### Source data
++++++
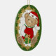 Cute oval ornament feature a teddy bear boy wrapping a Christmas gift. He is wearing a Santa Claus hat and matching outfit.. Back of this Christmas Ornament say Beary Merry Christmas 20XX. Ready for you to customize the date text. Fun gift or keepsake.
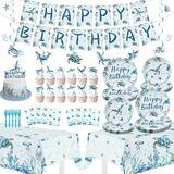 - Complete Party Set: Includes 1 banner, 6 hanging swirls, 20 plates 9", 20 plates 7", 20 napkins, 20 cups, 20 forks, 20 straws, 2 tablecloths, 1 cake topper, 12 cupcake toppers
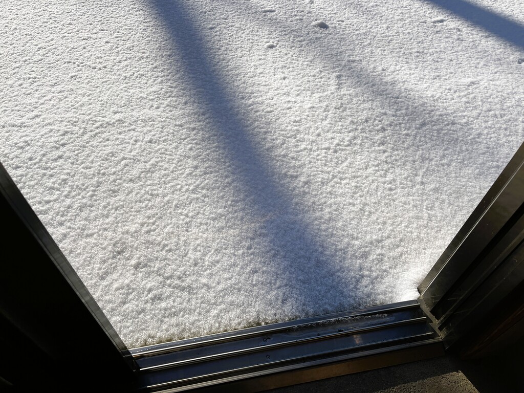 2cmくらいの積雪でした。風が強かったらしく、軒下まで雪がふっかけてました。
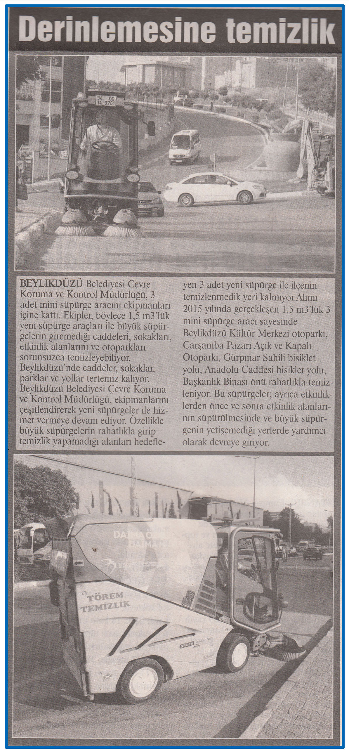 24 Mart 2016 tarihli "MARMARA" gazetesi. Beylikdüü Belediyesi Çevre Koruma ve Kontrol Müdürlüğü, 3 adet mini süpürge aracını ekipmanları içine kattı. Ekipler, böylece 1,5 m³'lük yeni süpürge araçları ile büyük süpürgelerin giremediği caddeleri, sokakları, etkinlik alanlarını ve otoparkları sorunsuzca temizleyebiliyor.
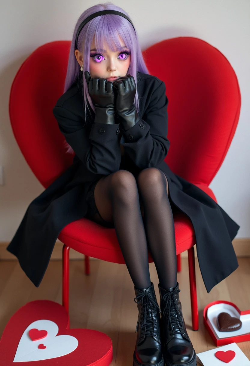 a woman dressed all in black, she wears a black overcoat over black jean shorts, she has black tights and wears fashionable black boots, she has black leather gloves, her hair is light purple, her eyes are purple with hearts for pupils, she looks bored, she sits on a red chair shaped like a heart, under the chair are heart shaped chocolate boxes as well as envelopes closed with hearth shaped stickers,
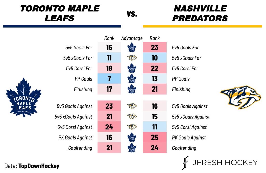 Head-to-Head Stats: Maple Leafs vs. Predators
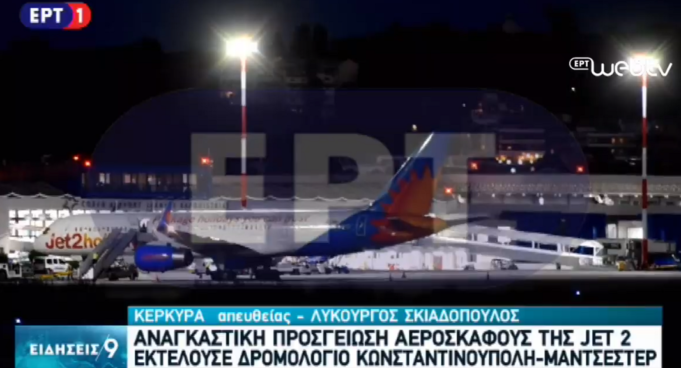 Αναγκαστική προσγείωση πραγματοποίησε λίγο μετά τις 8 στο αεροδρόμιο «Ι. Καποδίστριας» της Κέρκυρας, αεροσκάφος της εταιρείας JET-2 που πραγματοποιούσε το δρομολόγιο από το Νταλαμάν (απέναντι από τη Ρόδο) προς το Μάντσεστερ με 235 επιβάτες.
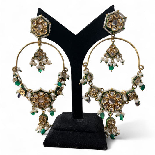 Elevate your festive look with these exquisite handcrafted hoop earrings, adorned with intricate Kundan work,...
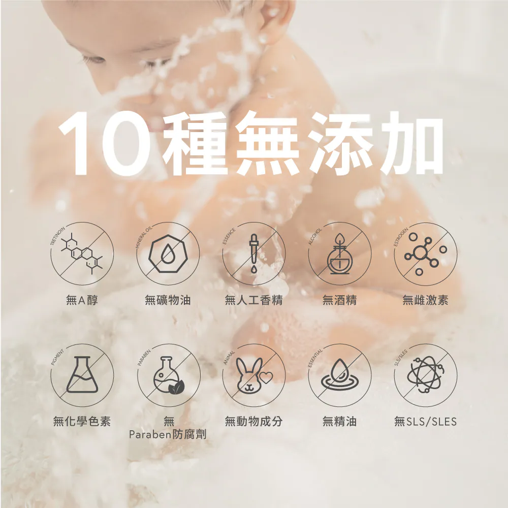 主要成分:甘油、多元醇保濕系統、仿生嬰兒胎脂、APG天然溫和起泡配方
++++++
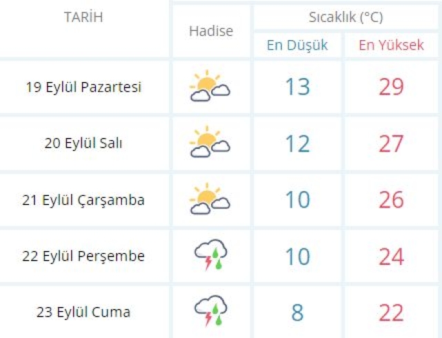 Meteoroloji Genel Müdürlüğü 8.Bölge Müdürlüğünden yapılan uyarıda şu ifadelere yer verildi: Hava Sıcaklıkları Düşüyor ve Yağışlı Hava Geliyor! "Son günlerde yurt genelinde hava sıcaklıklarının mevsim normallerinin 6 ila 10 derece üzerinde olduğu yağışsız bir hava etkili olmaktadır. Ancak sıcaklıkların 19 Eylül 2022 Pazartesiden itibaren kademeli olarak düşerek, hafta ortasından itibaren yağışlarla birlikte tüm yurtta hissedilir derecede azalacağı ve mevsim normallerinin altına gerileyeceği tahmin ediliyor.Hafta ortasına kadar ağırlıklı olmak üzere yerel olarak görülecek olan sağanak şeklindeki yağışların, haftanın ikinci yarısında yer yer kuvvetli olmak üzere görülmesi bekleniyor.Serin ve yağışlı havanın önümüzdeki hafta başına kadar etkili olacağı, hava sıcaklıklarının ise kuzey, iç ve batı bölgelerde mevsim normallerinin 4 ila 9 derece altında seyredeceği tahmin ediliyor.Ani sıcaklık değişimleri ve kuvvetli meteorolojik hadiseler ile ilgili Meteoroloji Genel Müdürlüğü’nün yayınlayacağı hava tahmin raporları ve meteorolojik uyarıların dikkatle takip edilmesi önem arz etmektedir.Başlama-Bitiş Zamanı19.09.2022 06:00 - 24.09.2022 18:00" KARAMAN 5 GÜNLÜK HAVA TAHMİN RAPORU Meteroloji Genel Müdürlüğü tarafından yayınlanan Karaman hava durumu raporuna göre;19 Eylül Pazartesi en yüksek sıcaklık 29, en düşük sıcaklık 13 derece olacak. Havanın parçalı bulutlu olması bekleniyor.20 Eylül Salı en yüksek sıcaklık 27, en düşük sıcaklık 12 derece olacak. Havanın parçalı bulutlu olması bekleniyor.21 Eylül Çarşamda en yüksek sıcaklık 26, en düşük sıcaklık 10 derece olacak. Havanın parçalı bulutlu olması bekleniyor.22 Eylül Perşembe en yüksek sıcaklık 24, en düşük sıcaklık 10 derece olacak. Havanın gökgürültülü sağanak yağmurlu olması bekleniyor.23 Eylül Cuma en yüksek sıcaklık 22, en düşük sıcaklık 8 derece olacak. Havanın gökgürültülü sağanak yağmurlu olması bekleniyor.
++++++
### Problem requirements
Copy only what lies between the line with "Elevate your festive" and the line with "主要成分:甘油、多元醇保濕系統、仿生嬰兒胎脂、APG天然溫和起泡配方", those two lines included, exactly as given above; pictures stay out.

### Solution to this problem
 Elevate your festive look with these exquisite handcrafted hoop earrings, adorned with intricate Kundan work,...
 主要成分:甘油、多元醇保濕系統、仿生嬰兒胎脂、APG天然溫和起泡配方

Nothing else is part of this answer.